At present, Black judges make up 12.77 percent of the federal bench. This is actually, finally, starting to approach adequate representation for Black people in this country, in no small part because President Joe Biden has put forward the most racially diverse set of judicial nominations in history. But for decades and indeed centuries, diversity on the bench has not been anywhere close to where it should be. Donald Trump’s judicial appointees were, recall, 84 percent white.
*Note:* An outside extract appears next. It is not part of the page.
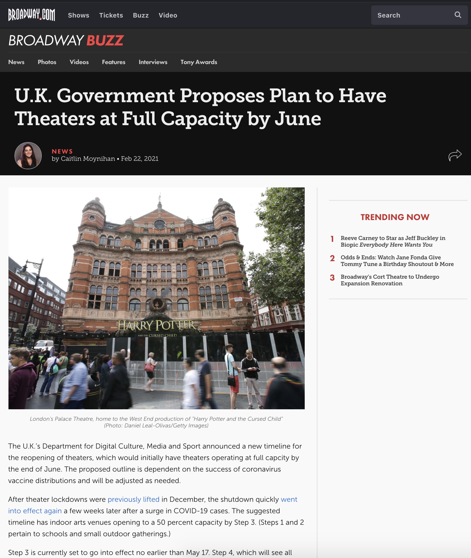This article discuses how theaters in the UK are already partially open and are expected to be at full capacity by June 2021. This is in contrast to Broadway, which is closed in any capacity until May. I feel like this shows how detrimental the United States' response to COVID-19 in 2020 was and how it set us behind the rest of the world in returning to normalcy.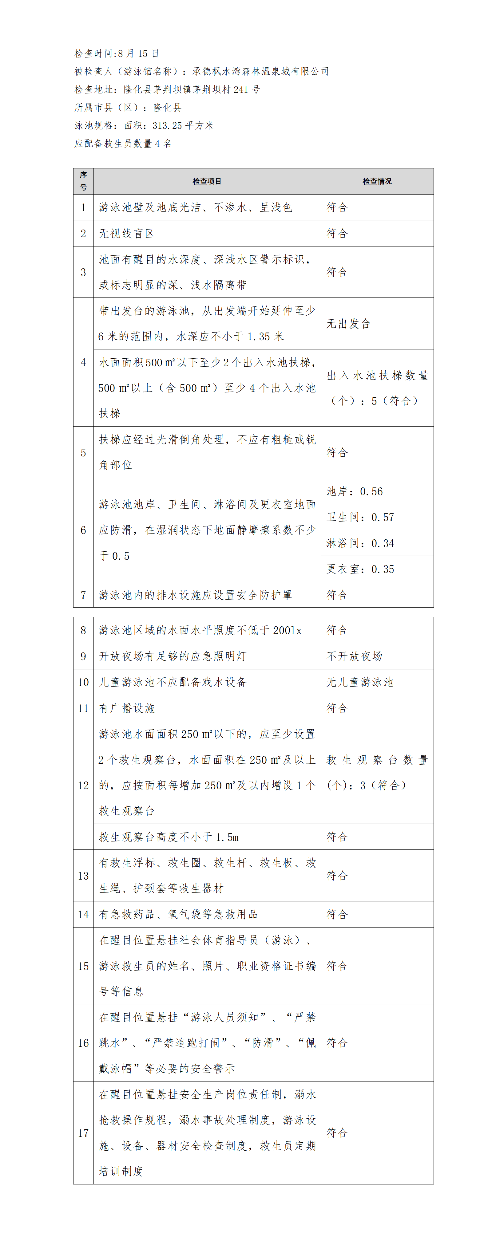 河北省游泳馆双随机安全检查结果公示

Diversity matters on the federal and state judiciaries for a whole host of reasons, chief among them that such diversity determines whose stories are told in court and how. As former head of the NAACP Legal Defense and Educational Fund, Sherrilyn Ifill, put it in the New York Review of Books last week, in describing Justice Ketanji Brown Jackson’s questions at oral arguments in October over the future of affirmative action: “It has been a long time since a Black justice on the Court has spoken with such depth and experience about the many ways in which race can be deeply entwined with identity and self-expression.” As Ifill further detailed:
This oral argument mattered, in tone and substance. Its importance may have been underestimated by a benumbed Supreme Court press, understandably focused on what is likely to be the Court’s decision. Something was different here, whether it was Justice Jackson’s stunningly clear interventions; or [Solicitor General Elizabeth] Prelogar pointing out to the justices that only two women are arguing before the Court this term (would it be reasonable, she asked, for women to see that disparity and ask “is that a path that’s open to me?”); or Justice Kagan asking whether judges can consider race in hiring clerks—a question surely targeted at Justice Kavanaugh, who has spoken in the past about, and even earned praise for, hiring diverse law clerks. These moments seemed to pull the Court itself into the charged national debate about racial equality, closing the distance between the justices and our country’s ongoing struggle to build a fair and equitable democracy.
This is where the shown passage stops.